_Directions for this task_.
Starting with the line that has "油罩糍起名是由于其制作方法,用一個(gè" in the records below and ending with the line that has "주말, 반기문 평화기념관을", output those lines exactly and nothing more; omit the pictures.

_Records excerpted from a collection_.
═══

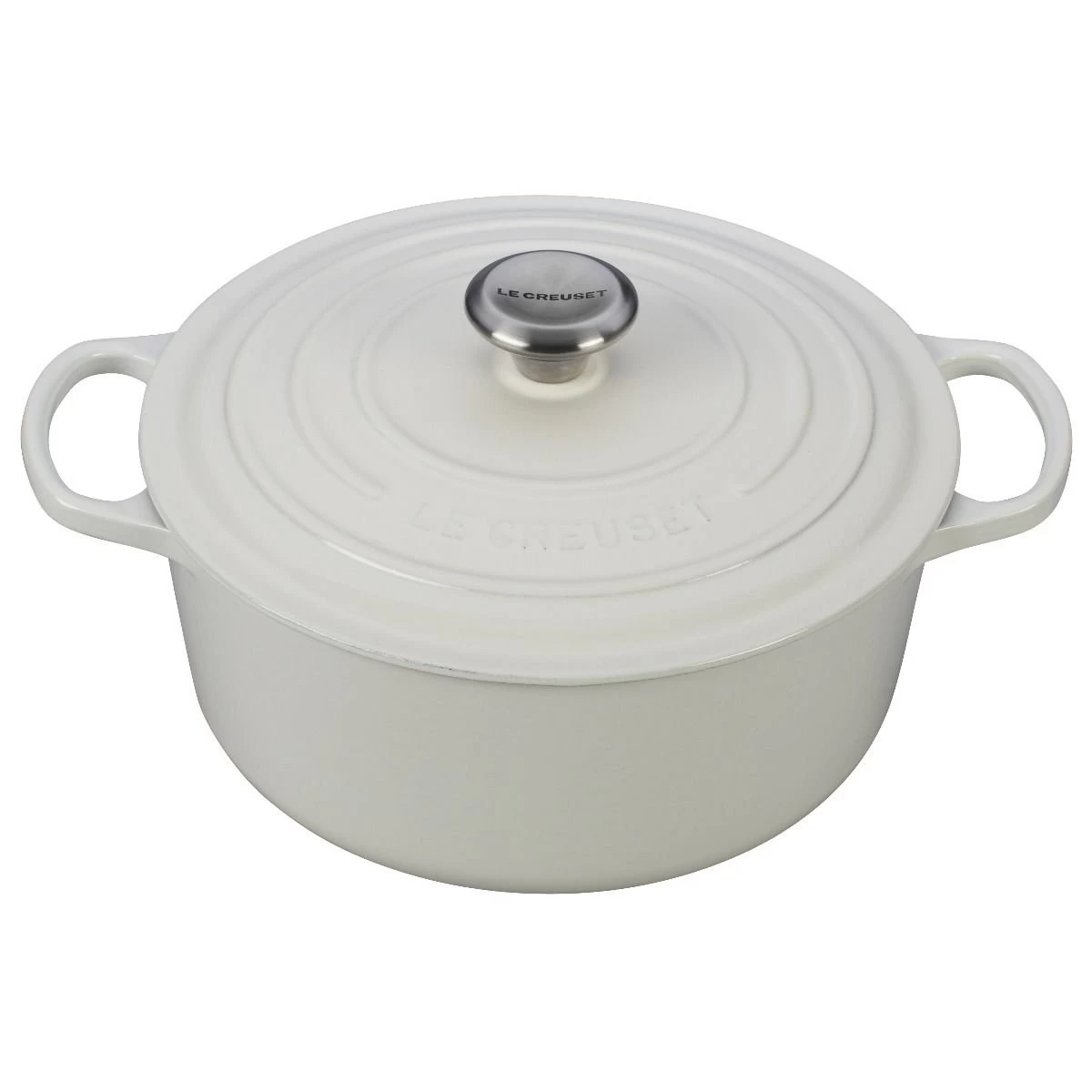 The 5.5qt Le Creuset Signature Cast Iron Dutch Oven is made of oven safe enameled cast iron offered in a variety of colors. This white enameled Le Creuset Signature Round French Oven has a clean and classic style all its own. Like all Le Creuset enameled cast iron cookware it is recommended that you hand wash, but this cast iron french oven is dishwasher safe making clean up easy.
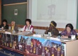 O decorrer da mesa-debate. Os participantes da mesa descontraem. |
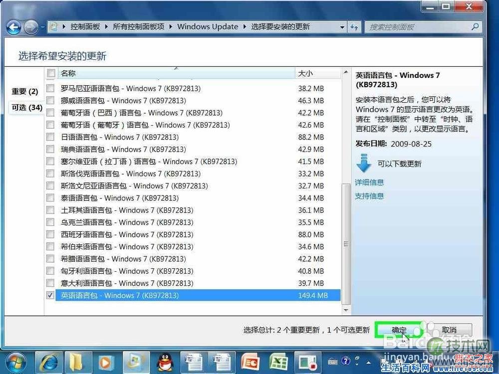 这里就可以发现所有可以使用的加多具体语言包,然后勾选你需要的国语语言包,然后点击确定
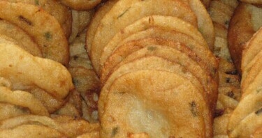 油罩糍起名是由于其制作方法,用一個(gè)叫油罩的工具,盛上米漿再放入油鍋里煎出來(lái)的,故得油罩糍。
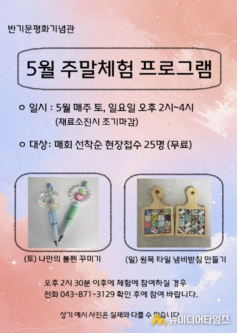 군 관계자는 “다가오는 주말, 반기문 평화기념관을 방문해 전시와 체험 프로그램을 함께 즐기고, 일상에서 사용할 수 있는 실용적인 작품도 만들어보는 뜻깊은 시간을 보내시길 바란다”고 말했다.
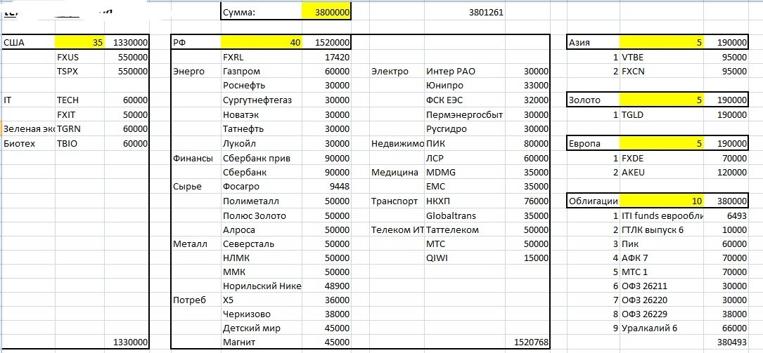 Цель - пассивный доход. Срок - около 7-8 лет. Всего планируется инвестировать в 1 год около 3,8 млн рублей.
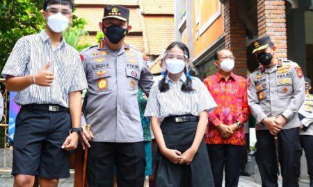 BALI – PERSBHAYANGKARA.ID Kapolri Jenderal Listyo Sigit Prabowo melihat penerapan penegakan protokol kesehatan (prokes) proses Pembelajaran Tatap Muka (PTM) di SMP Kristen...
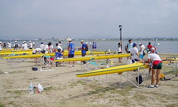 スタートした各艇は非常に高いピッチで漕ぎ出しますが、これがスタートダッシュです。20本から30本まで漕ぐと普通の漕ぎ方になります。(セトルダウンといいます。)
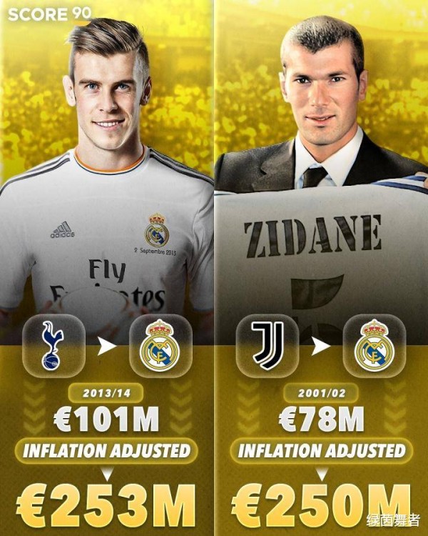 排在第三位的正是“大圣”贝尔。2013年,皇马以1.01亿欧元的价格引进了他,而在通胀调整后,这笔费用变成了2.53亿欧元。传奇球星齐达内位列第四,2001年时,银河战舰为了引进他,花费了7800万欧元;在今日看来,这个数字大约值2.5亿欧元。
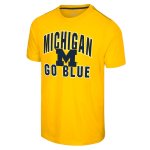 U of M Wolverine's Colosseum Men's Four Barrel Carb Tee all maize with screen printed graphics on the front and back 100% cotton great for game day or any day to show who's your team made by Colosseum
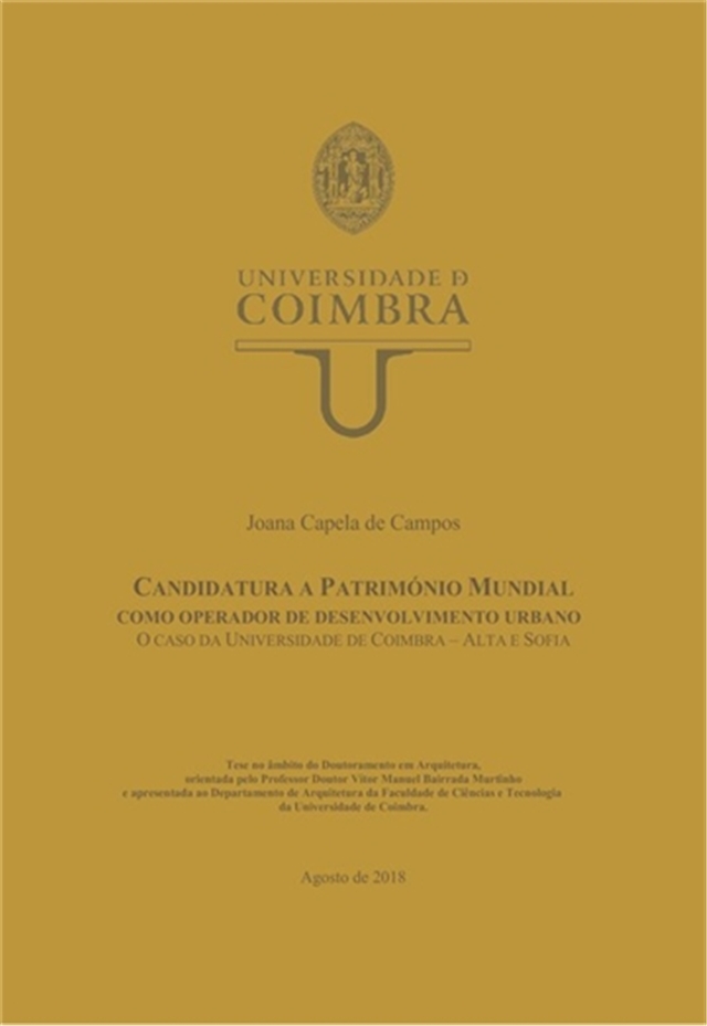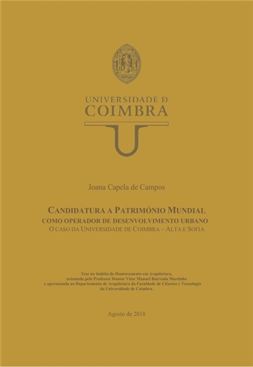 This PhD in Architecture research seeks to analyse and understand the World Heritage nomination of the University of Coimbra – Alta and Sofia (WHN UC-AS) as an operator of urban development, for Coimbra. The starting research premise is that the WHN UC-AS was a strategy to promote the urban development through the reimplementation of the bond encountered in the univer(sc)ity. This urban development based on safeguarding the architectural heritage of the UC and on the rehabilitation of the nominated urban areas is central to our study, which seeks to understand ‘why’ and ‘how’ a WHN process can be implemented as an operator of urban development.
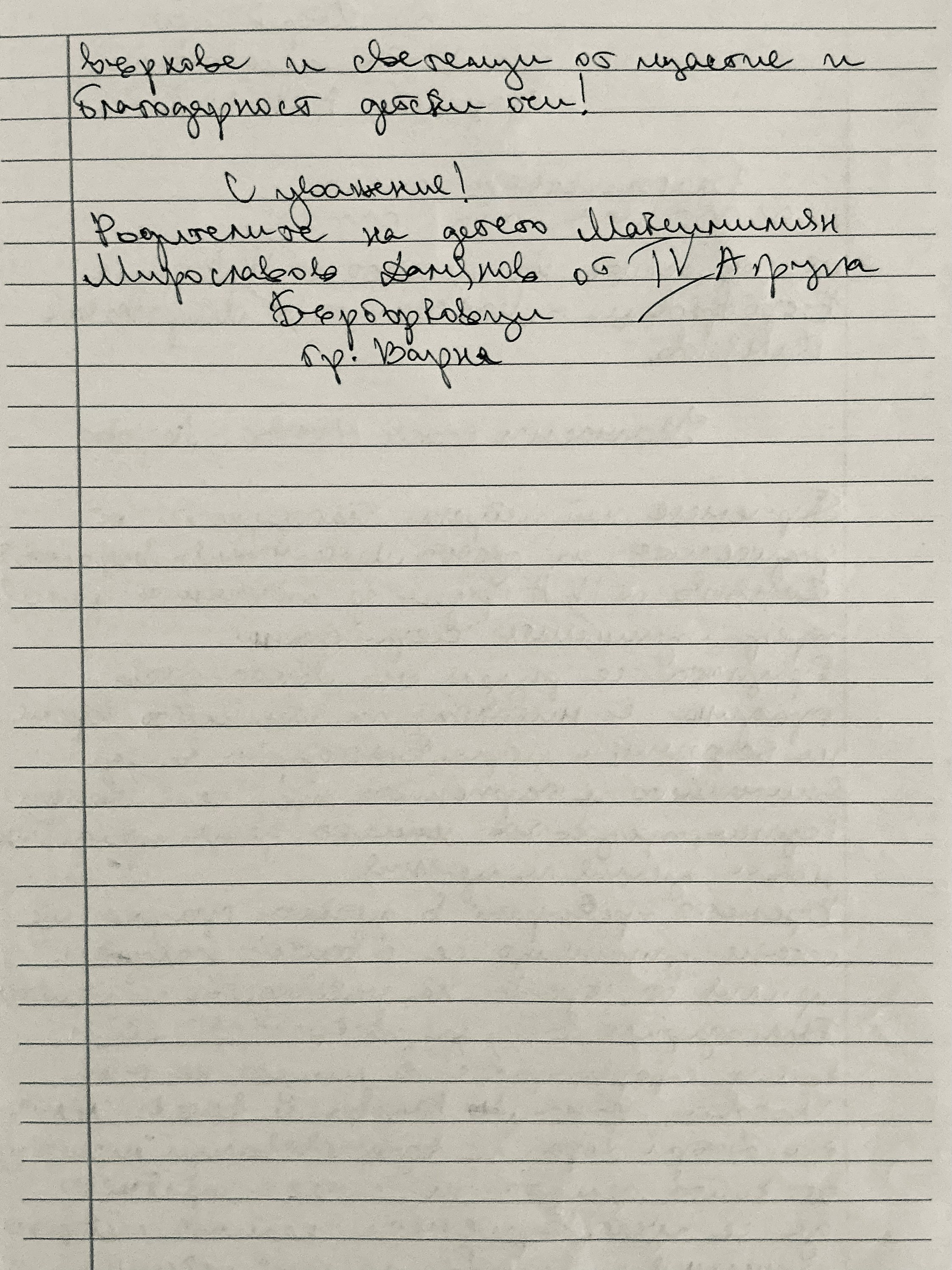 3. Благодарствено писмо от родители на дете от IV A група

═══

_Answer to this exercise_.
 油罩糍起名是由于其制作方法,用一個(gè)叫油罩的工具,盛上米漿再放入油鍋里煎出來(lái)的,故得油罩糍。
 군 관계자는 “다가오는 주말, 반기문 평화기념관을 방문해 전시와 체험 프로그램을 함께 즐기고, 일상에서 사용할 수 있는 실용적인 작품도 만들어보는 뜻깊은 시간을 보내시길 바란다”고 말했다.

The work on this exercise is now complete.